Directions -
Beginning with the line that holds "視覚的・感覚的に水の強さや水" and ending with the last line below, please copy every line exactly, add nothing, and leave out the pictures.

Source data -
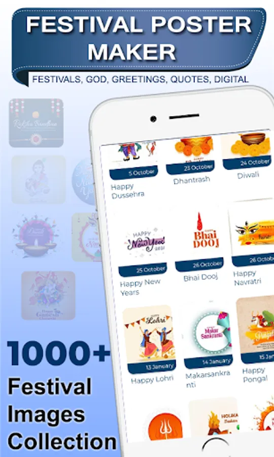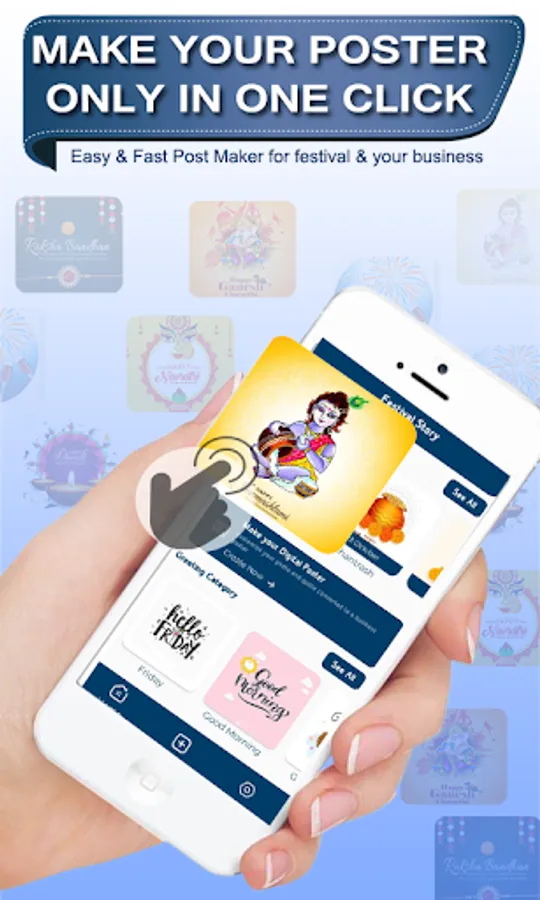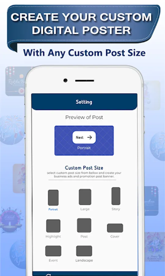 No more effort and specific skills required to design creative festival poster maker, festival poster maker with photo, festival poster maker with name and image using festival post for business free, Brand poster. select any Digital Poster frame or photo template which you liked for making festival greetings and promotions for your businesses. Write the text in a variety of Fonts, and add Stickers on HD backgrounds. Lock contents you don't wanna move or unlock to adjust their place. Share image app brings you the best collection of All festival wishes images and daily greetings messages for all festivals. We've designed creative festival poster templates and it is editable through this brand poster maker, festival post maker app. Branding Post, Marketing Post Maker is the Best brand poster maker app to create marketing festival images for your business or company.
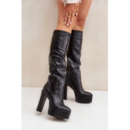 Kozaki Na Słupku I Platformie Z Eko Skóry Czarne Felilorn
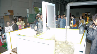 視覚的・感覚的に水の強さや水害の恐ろしさを体験学習していただくことを目的に、「流水階段歩行」、「浸水ドアの開閉」などの体験学習や「土石流再現実験」、「波と津波の変化の実験」などを実施しました。当日は、雨天にもかかわらず過去最高の330名の参加がありました。
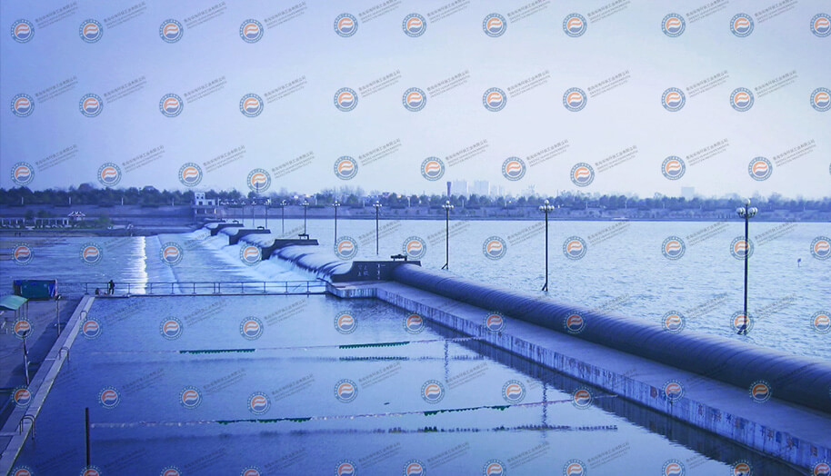橡胶坝,又称橡胶水闸,其用高强度合成纤维织物做受力骨架,内外涂覆橡胶作粘结保护层,按要求的尺寸加工成胶袋,用螺栓、压板等锚固构件将其锚固在混凝土底板上。底板下面需预埋充排水管道,需要拦水时,通过控制系统向橡胶坝坝袋内充水,充到一定高度形成挡水坝;不需要挡水时,泄空坝袋内的水,恢复原有河渠的过流断面,不影响河道泄洪。

Answer space -
 視覚的・感覚的に水の強さや水害の恐ろしさを体験学習していただくことを目的に、「流水階段歩行」、「浸水ドアの開閉」などの体験学習や「土石流再現実験」、「波と津波の変化の実験」などを実施しました。当日は、雨天にもかかわらず過去最高の330名の参加がありました。
橡胶坝,又称橡胶水闸,其用高强度合成纤维织物做受力骨架,内外涂覆橡胶作粘结保护层,按要求的尺寸加工成胶袋,用螺栓、压板等锚固构件将其锚固在混凝土底板上。底板下面需预埋充排水管道,需要拦水时,通过控制系统向橡胶坝坝袋内充水,充到一定高度形成挡水坝;不需要挡水时,泄空坝袋内的水,恢复原有河渠的过流断面,不影响河道泄洪。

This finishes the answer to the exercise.